How to win engagement from Board members and their CEO’s has been a longstanding challenge for business ethical professionals. For far too it seems we have been frustrated to hear organisational leaders lament their missing mandate from their Boards and shareholders to invest in the design and implementation of robust business ethics regimes for their organisations. Instead of ethical tone setting being their mandate, they point to the priority placed on securing financial targets in ever shortening time deadlines at the expense of building a sustainable organisational culture where all members know what’s important and their role in ensuring ethical standards are maintained. Profits with principles or values is no easy task but it’s certainly one that is being currently achieved by today’s leading companies who have taken the time and invested the necessary resources to put in place and maintain an ethical infrastructure to underpin their success strategies. Their success can be measured both in financial and in social capital terms. In the private sector it has delivered sustainable profits; high performance workplace cultures and employee engagement; in the public sector is has safeguarded the public purse, the minister’s reputation and the organisation’s longevity.

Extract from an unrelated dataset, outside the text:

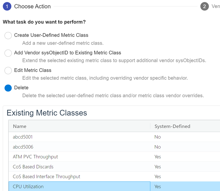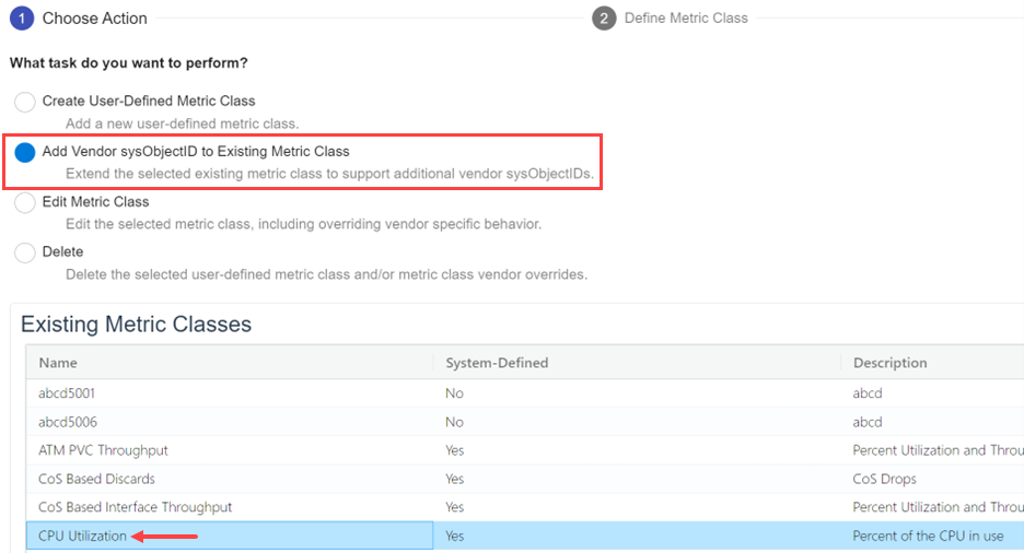 Select Add Vendor sysObjectID to Existing Metric Class on the main wizard page, and then select CPU Utilization and click Next.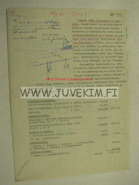 Perunkirjoitus työnjohtaja Stefan Voronin Helsinki 1959 -asiakirjat

Leveraging of the case histories of these ethically charged organisations however appears to be too time consuming for the average organisational leader who continues to take business ethical standards for granted or worse, to assume that everyone knows the right thing to do and is prepared to do it. So it was with some degree of pragmatic gratitude that we came across KPMG’s latest research on the UK financial sector which found:

Conduct failings and remediation of past mis-selling issues still dominate the banking agenda and costing a fortune. For 2013, it represents approximately 80 percent of the cumulative profits of the five banks. More crucially, customers still don’t feel they’re getting the products, level of service or understanding they require.

It worth a second telling – their research found that two thirds of the cumulative profits of the UK’s top 5 banks or £28.5bn has been spent on litigation, fines and customer redress since 2011. It seems to us that that is a very high price for shareholders; a governance accountability that Boards need to address and a challenge to the prevailing silence on just how organisational leaders intend to go about safeguarding the ethical dimension of their enterprises to ensure shareholders as well employees and beyond that the public good is protected.

Of course investing in ethics costs. Any time of training costs but it also delivers the sort of benefits that regulators, investors and increasingly hyper connected global citizen are demanding of the organisations they want to work in, invest in and do business with. Ethics pays. For leaders the choice is simply one of timing – will you invest up front and ensure you have the systems in place to manage ethical accountabilities or wait until there is a crisis and pay substantially more to try and retain your stakeholder’s confidence. There’s never been a better time to engage with the ethical dimension of business.